David B. Russell, Esq., Hale, Skemp, Hanson, Skemp & Sleik, La Crosse, WI, for Creditor Gary Rasmussen.
Laurie Haake, the debtor in this case, has her principal place of business in Wisconsin but lives in Minnesota.1 She was unable to obtain a traditional mortgage and financed the purchase of her home from the creditor, Gary Rasmussen, through the use of a contract for deed (or a land contract, as it is called in Wisconsin). She testified that she had been renting the home for some time before deciding to purchase it. She tried to get a loan from Park Bank, the lender which financed her business (a “dog center” located in La Crosse, Wisconsin), but was unsuccessful. She and Mr. Rasmussen therefore opted to pursue an alternate form of financing on their own. See Shields v. Goldetsky (In re Butler), 552 N.W.2d 226, 229 (Minn.1996) ().
The contract for deed was executed in September of 2010. The purchase price for the property was $152,000.00.2 Ms. Haake made a $20,000.00 down payment. The contract contemplated that Ms. Haake would make monthly payments and that the balance would be due in full on September 1, 2011. It appears she made some, but not all, of the monthly payments and did not pay the balance when it came due. On March 12, 2012, Mr. Rasmussen served her with a notice of cancellation of the contract of deed. This case was filed two days later.
A little over two months after the petition was filed, Mr. Rasmussen filed a motion for relief from the automatic stay. He requests that he be permitted to finalize the cancellation of the contract for deed as necessary in Minnesota state court. The debtor objected to the motion and has made an offer of adequate protection (pending confirmation of a plan, she has offered to make monthly payments consisting of interest on the principal balance and a prorated portion of the accruing real estate taxes).
The Court conducted a hearing on the matter on August 28, 2012. This is a core proceeding under 28 U.S.C. § 157(b)(2)(G), and the Court has jurisdiction under 28 U.S.C. § 1334. This order constitutes the Court's findings of fact and conclusions of law pursuant to Fed. R. Bankr.P. 7052, as applicable in a contested matter under Fed. R. Bankr.P. 9014(c). The essential issue before the Court is whether the debtor has an interest in the property which is sufficient to permit her to reorganize or restructure the debt in a chapter 11 plan. Ms. Haake contends that the buyer under a contract for deed should be regarded as holding redemption rights analogous to those of a debtor under a traditional mortgage. In contrast, Mr. Rasmussen contends that her rights to the property have terminated and there is nothing for her to reorganize.

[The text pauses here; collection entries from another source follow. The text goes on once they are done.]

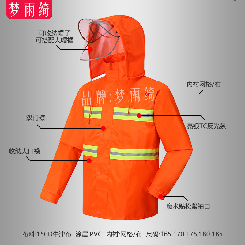 Rainsail reflective raincoat Road sanitation workers fire split adult waterproof orange group takeaway raincoat suit
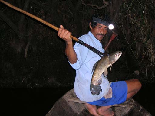 Description: Night spear fishing , Amazon basin ,Peru. taken by:Yuval gelber
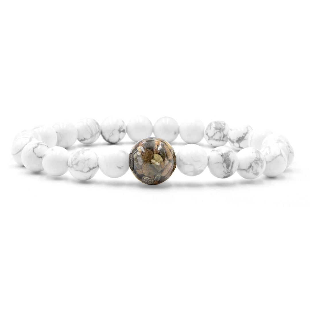 The larger “Earth Bead” of this bracelet contains stones collected by hand from throughout the state of Idaho. Each Earth Bead is hand-crafted in our small shop in Michigan, a process which takes 50+ hours per bead. Each Earth Bead is literally one-of-a-kind.
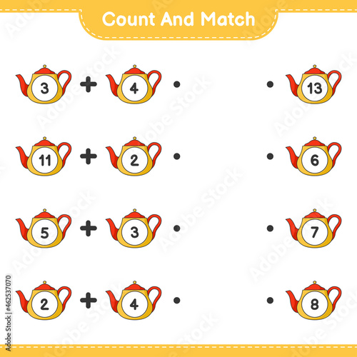 Fototapeta premium Count and match, count the number of Teapot and match with the right numbers. Educational children game, printable worksheet, vector illustration
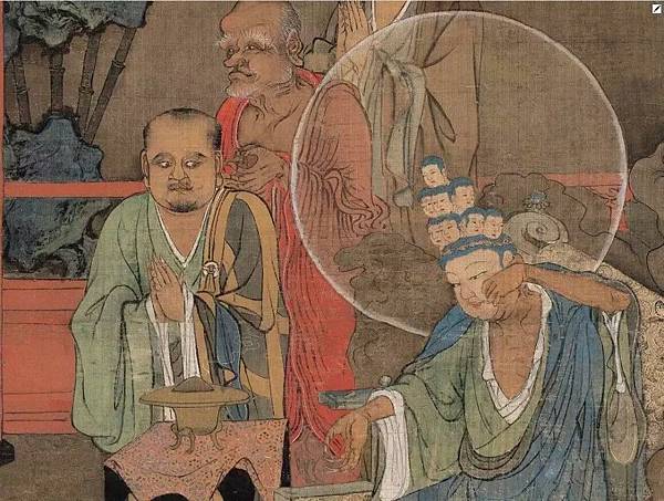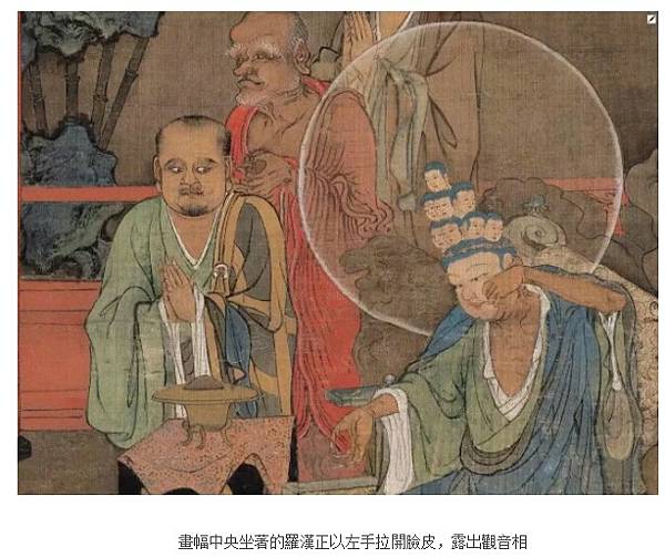 畫幅中央坐著的羅漢正以左手拉開臉皮,露出觀音相
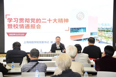 根据市委、市教卫工作党委的工作要求,11月12日上午,我校在华山路校区智慧教室召开专题会议,由学校党委书记谢巍同志向离退休老同志作学习贯彻党的二十大精神暨校情通报。因疫情受限,会议采取线下、线上相结合的方式,线下由离退休党总支委员、部分党支部委员、校老教协理事、老教授、校党风廉政督导、校教学督导、校教指委成员、校教学剧目评审组成员、校关工委与二级院系关工分会成员近60人出席会议;线上各支部在微信工作群中发送直播链接,请离退休党员同志在线收看学习。
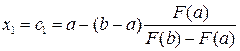 то есть найдем первое приближение к решению – с 1; 2) вычисляется значение функции в этой точке – 3) выполняется анализ изменения функции на отрезках 4) проводим новую хорду через ординаты функции F (с 1) и F (b); 5) используя выражение (9.5) (заменяя в индексах 1 на i), находим новое приближение к решению (на рис. 9.5 – точку с 2). Процедуры, изложенные в п. 2–5 (с учетом замены с 1 на сi), повторяем Анализ показывает, что метод хорд приводит к решению быстрее, чем Блок-схема метода хорд аналогична представленной для метода деления отрезка пополам с той разницей, что вместо вычисления приближения корня по формуле (с + b) / 2 нужно использовать формулу (9.5). Для решения нелинейных уравнений могут применяться также метод Ньютона (метод касательных), метод простой итерации и другие методы.
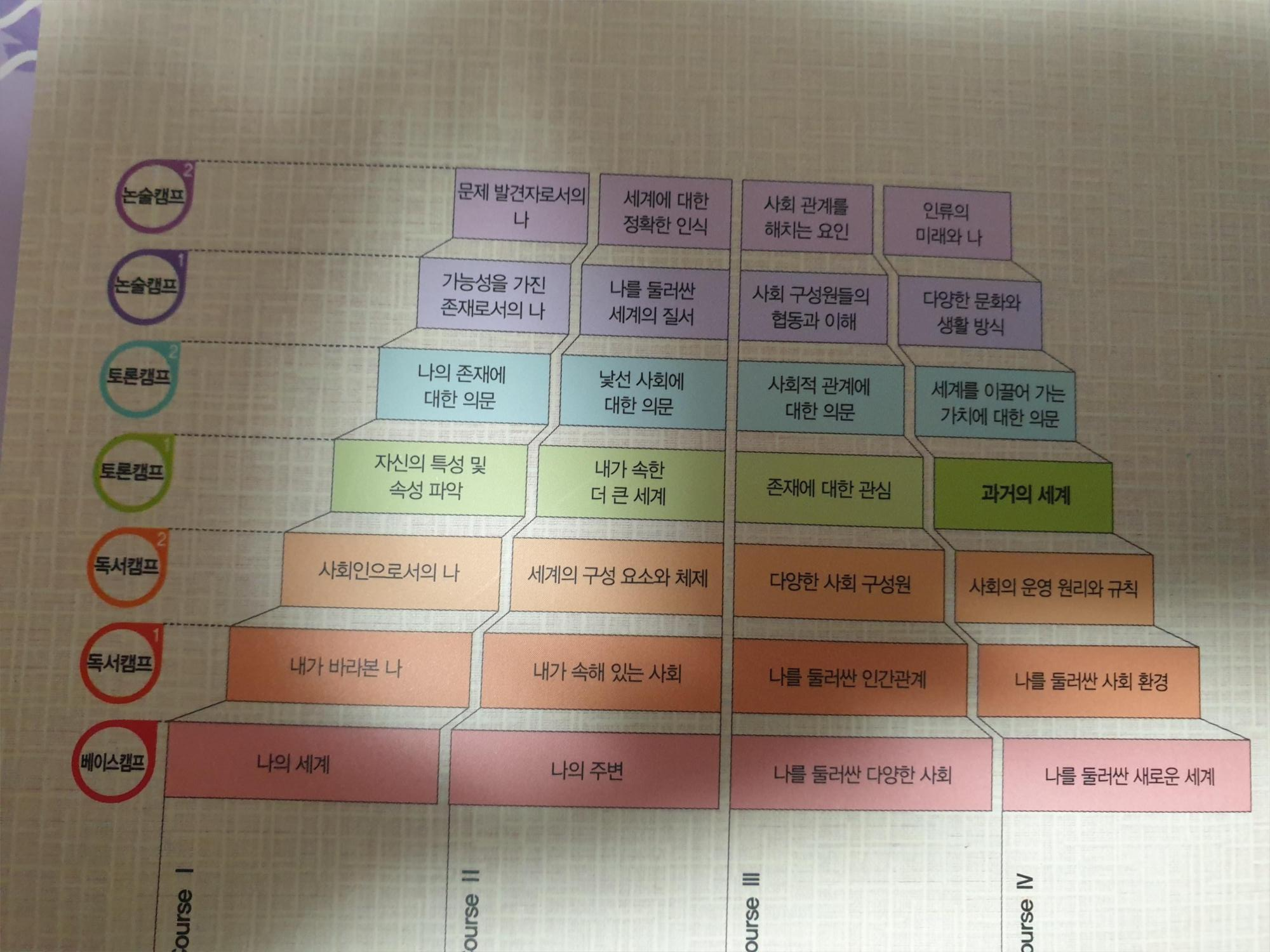 초등학교 3학년은 토론 캠프1 로 들어간다. 토론캠프는 자신의 특성 및 속성 파악, 내가 속한 더 큰 세계, 존재에 대한 관심, 과거의 세계 이렇게 코스로 들어가고 그에 맞는 책을 읽고 토론하는 것이다.

Property interests are created and defined by state law. Butner v. United States, 440 U.S. 48, 55, 99 S.Ct. 914, 59 L.Ed.2d 136 (1979) (); see also Stern v. Marshall, ––– U.S. ––––, 131 S.Ct. 2594, 2616, 180 L.Ed.2d 475 (2011). Although this case was filed in Wisconsin, the property is located in Minnesota, the debtor is a Minnesota resident, and the contract for deed was executed and recorded in Minnesota. The rights of the parties under the contract are determined and controlled by Minnesota law, and Ms. Haake's interest in the property must be defined by reference to the substantive law of the state of Minnesota. In re Edina Dev. Corp., 370 B.R. 894, 900 (Bankr.D.Minn.2007) (); see also In re Sumpter, 171 B.R. 835, 842 (Bankr.N.D.III.1994) (). 3
Under Minnesota law, the vendee under a contract for deed holds equitable title to the property, while the vendor retains the legal title as security for the purchase price. Butler, 552 N.W.2d at 229. One of the remedies available to a vendor in the event of the purchaser's default is the ability to cancel the contract pursuant to Minn.Stat. § 559.21, a process which is “in the nature of a statutory strict foreclosure.” Id. at 230. As the Butler court observed:
A statutory cancellation of a contract for deed results in the vendee's forfeiture of all payments made and restoration of full legal and equitable title in the property to the vendor. This result is different from that in a mortgage foreclosure sale, where the defaulting party may receive proceeds of a mortgage foreclosure sale above the amount owed on the property.
Once the statutory notice has been served and cancellation effected, all rights between the parties under a contract for deed are terminated. Id.; see also West v. Walker, 181 Minn. 169, 231 N.W. 826, 827 (1930) (). Given that the cancellation of a vendee's interest in a contract for deed is in the nature of a strict foreclosure, there is no possibility of redemption if the vendee's default “persists past the period for cure of default.” Edina Development, 370 B.R. at 900.
The notice of cancellation of the contract for deed in this case indicated that the default consisted of Ms. Haake's failure to pay “all outstanding principal and interest” that was due on September 1, 2011. This totaled $130,971.34. The notice also indicated that she had not paid the 2011 real estate taxes. In accordance with Minn.Stat. § 559.21, Ms. Haake was notified that the contract would terminate 60 days after service upon her unless she paid the amount due, together with the costs of service and $250.00 in attorneys' fees.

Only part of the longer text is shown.